A primer composition comprising a polyurethane resin, water-dispersible fine particles and water,
The content of the polyurethane resin is 1 to 30 parts by weight based on 100 parts by weight of the primer composition,
The content of the water-dispersible fine particles is 0.1 to 20 parts by weight based on 100 parts by weight of the solid content of the polyurethane resin,
Wherein the polyurethane resin is formed by reaction of a polyester polyol and isocyanate, and the polyester polyol is contained in an amount of 30 to 80% by weight based on the total weight of the reactant.
The method according to claim 1,
Wherein the polyurethane resin comprises a carboxyl group or a tertiary amino group.

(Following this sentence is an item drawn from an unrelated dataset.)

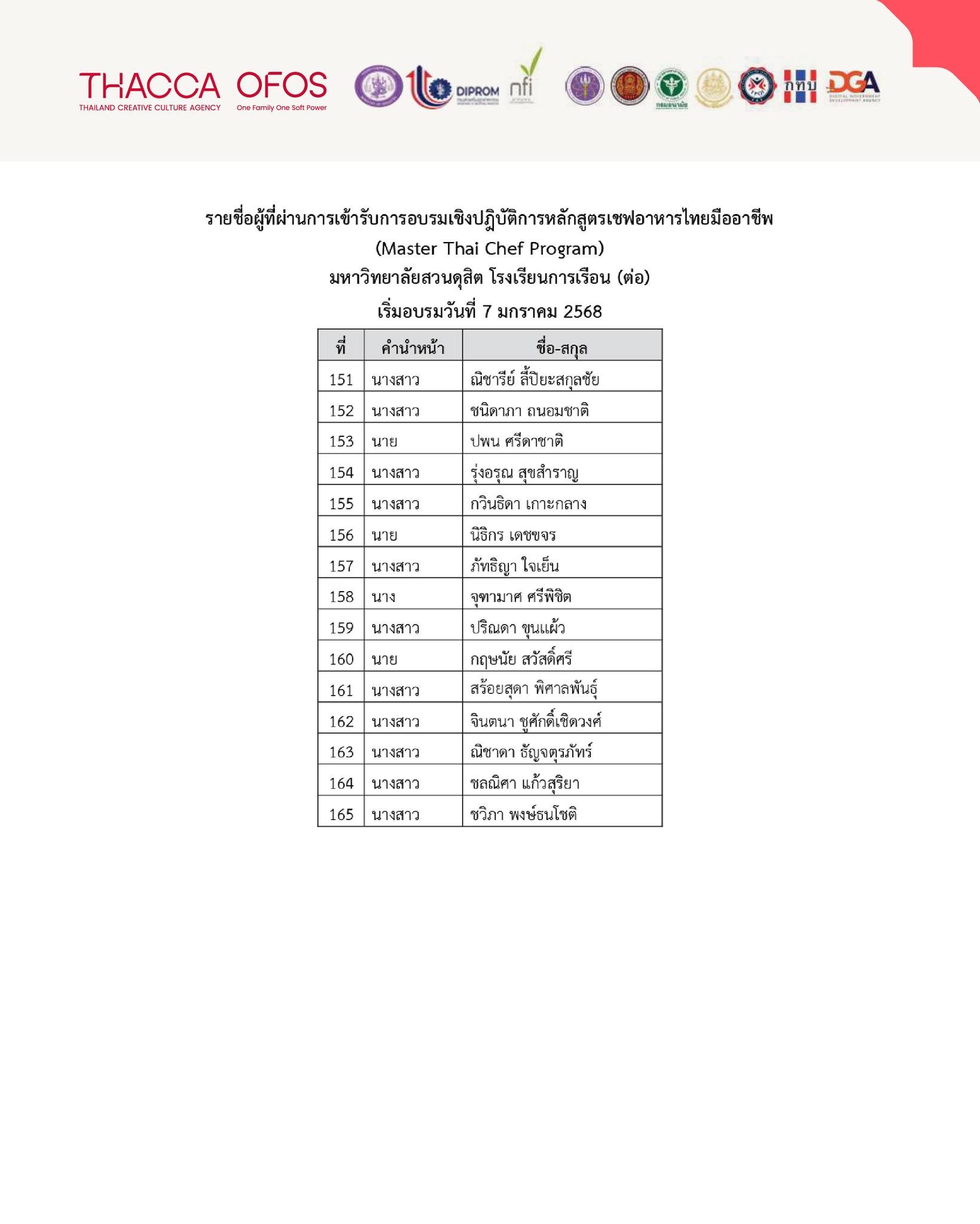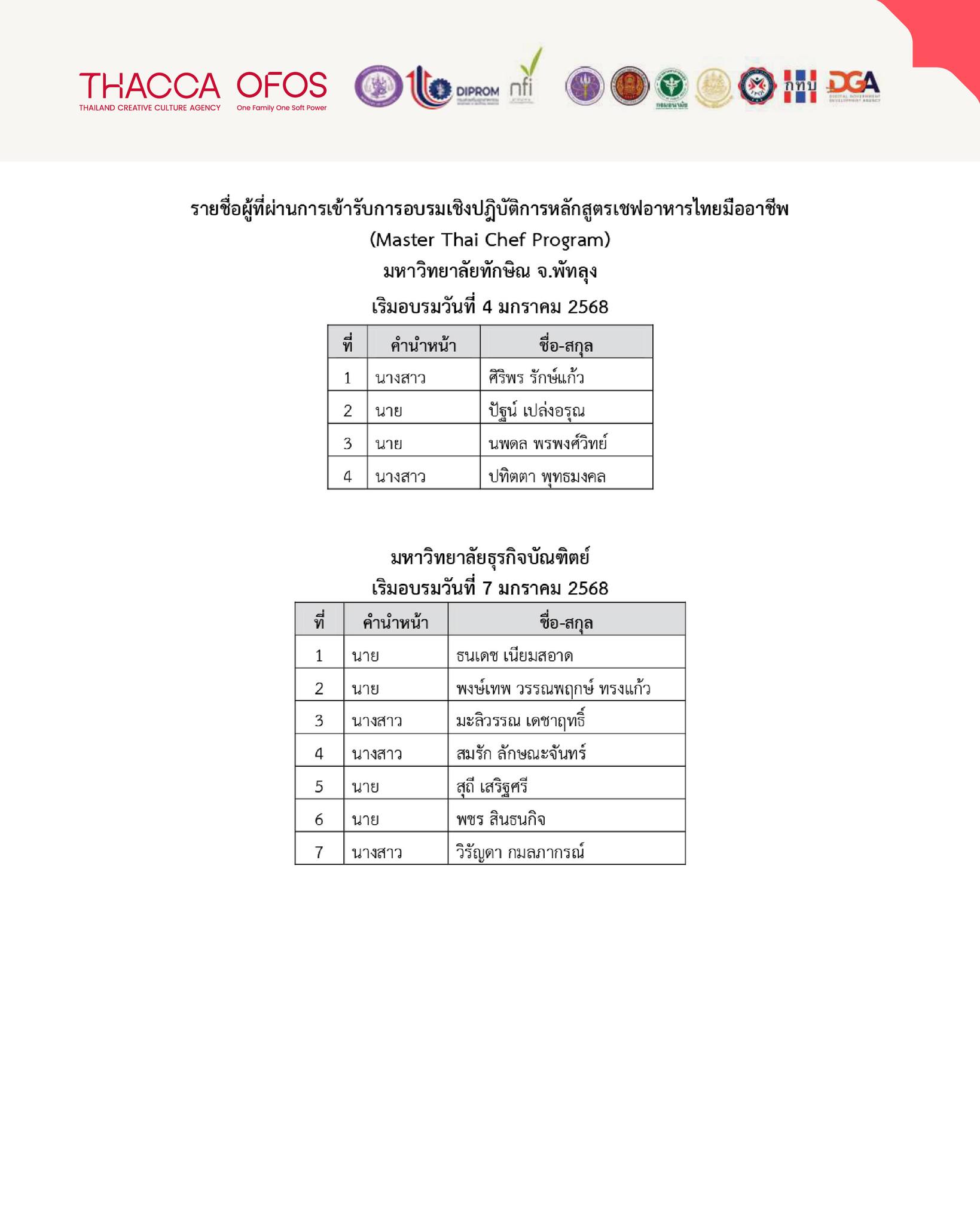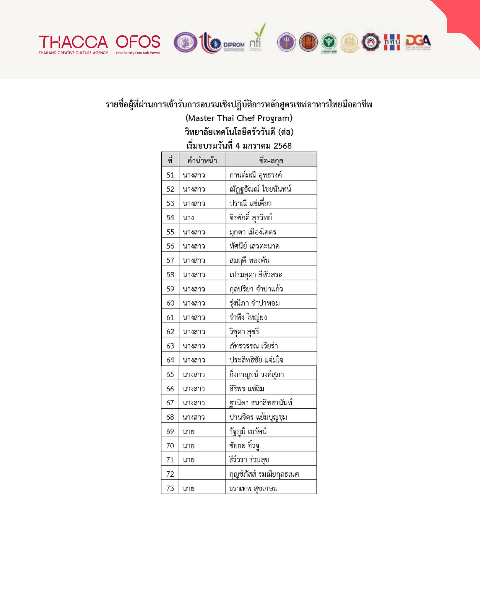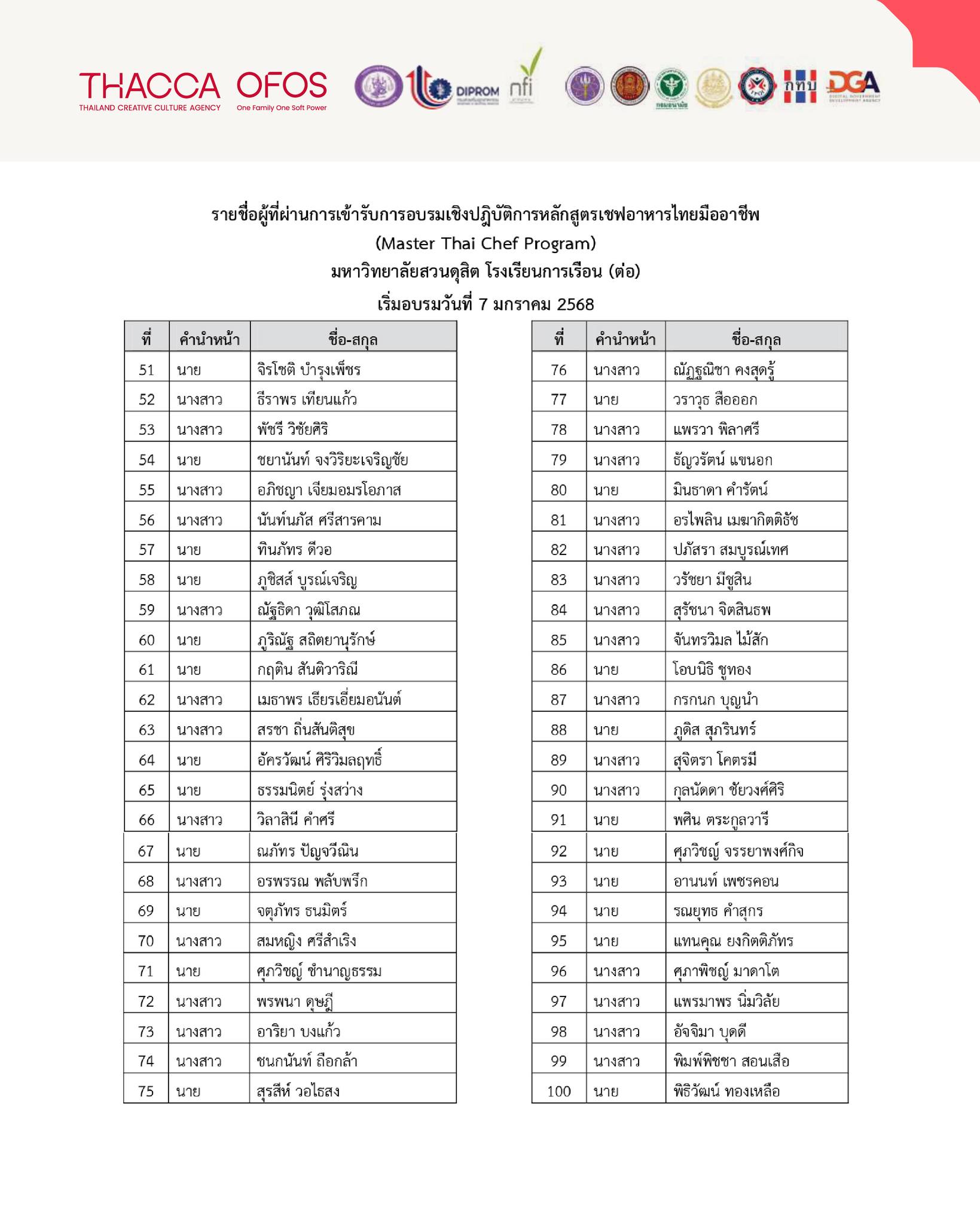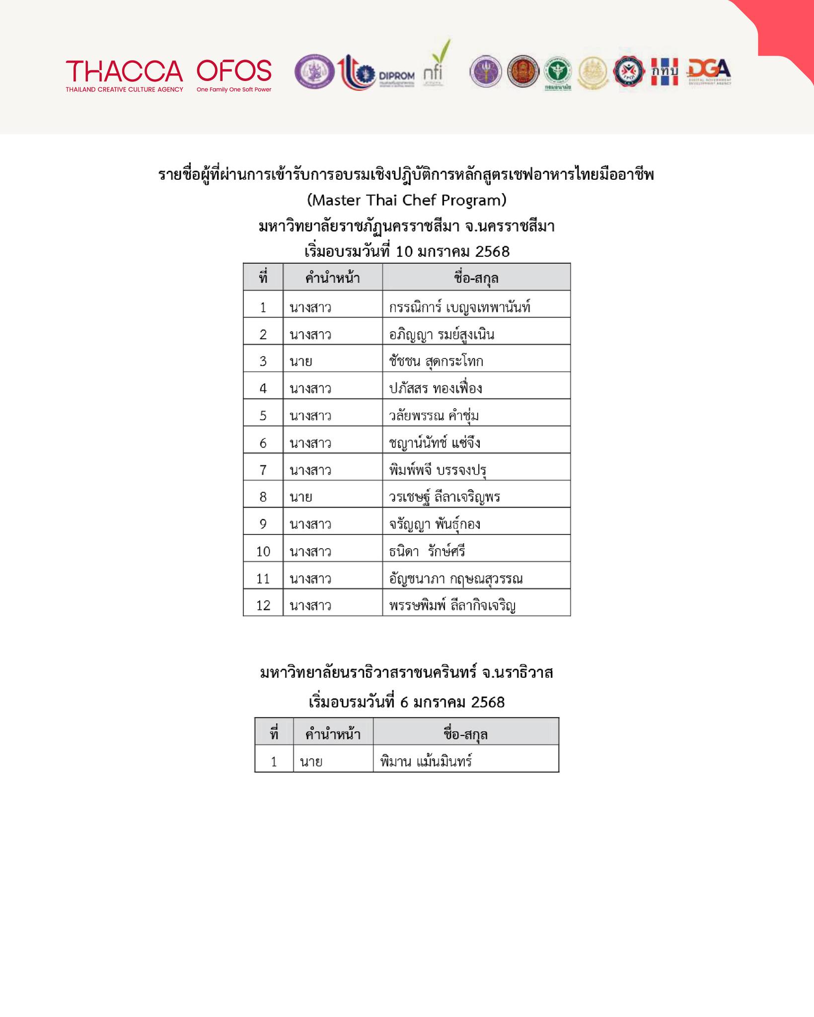 THACCA โดยคณะอนุกรรมการขับเคลื่อนอุตสาหกรรมด้านอาหาร ประกาศรายชื่อผู้ผ่านการคัดเลือกเข้าร่วมอบรมในโครงการ “หนึ่งหมู่บ้าน หนึ่งเชฟอาหารไทย” รุ่นที่ 1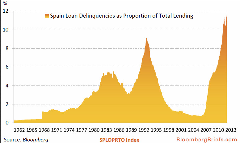 Si se echa la vista atrás, se observa que se trata de la mayor tasa de morosidad de la historia de la banca española, ya que marca un nuevo récord desde que el Banco de España recopila datos, hace casi 50 años. La tasa actual supera en 2,45 puntos porcentuales el máximo alcanzado en la crisis anterior, que data de 1994, cuando se estableció en el 9,15%. También supone 2 puntos porcentuales más que la tasa registrada en junio de 2012 (9,6%).

The method according to claim 1,
In the polyurethane resin, the ester-based polyol is a polyester diol-based primer composition
The method according to claim 1,
The isocyanate may be selected from the group consisting of toluene diisocyanate (TDI), 4,4-diphenylmethane diisocyanate (MDI), 1,5-naphthalene diisocyanate (NDI), tolidine diisocyanate (TODI), hexamethylene diisocyanate Is selected from the group consisting of isophorone diisocyanate (IPDI), p-phenylene diisocyanate, transcyclohexane, 1,4-diisocyanate and xylene diisocyanate (XDI), tetramethyl 1,3 xylene diisocyanate (TMXDI) Lt; / RTI >
The method according to claim 1,
The water dispersible fine particles have an average diameter of 10 to 300 nm.
The method according to claim 1,
The water-dispersible fine particles may be at least one kind of inorganic fine particles selected from the group consisting of silica, titania, alumina, zirconia and antimony fine particles or a group consisting of a silicone resin, a fluororesin, a (meth) acrylic resin, a crosslinked polyvinyl alcohol and a melamine resin Based on the total weight of the primer composition.
The method according to claim 1,
1 to 100 parts by weight of a crosslinking agent based on 100 parts by weight of a solid polyurethane resin.
A base film; And
An optical film comprising a primer layer formed by the primer composition according to any one of claims 1 to 7 on at least one surface of the base film.
9. The method of claim 8,
Wherein the base film is an acrylic film.
10. The method of claim 9,
Wherein the acrylic film comprises a copolymer comprising an alkyl (meth) acrylate-based unit and a 3- to 6-membered heterocyclic unit substituted with at least one carbonyl group.
11. The method of claim 10,
Wherein the acrylic film further comprises an aromatic resin having a carbonate moiety in its main chain.
9. The method of claim 8,
Wherein the base film is corona-treated or plasma-treated at least on one side.
A polarizing plate comprising a polarizer, an adhesive layer formed on at least one side of the polarizer, and an optical film adhered on the adhesive layer,
Wherein the optical film comprises a base film and a primer layer formed on at least one side of the base film with the primer composition according to any one of claims 1 to 7.
14. The method of claim 13,
Wherein the adhesive layer is formed of a polyvinyl alcohol-based water-based adhesive,
Wherein the base film is an acrylic film.
An image display device comprising the polarizer of claim 13.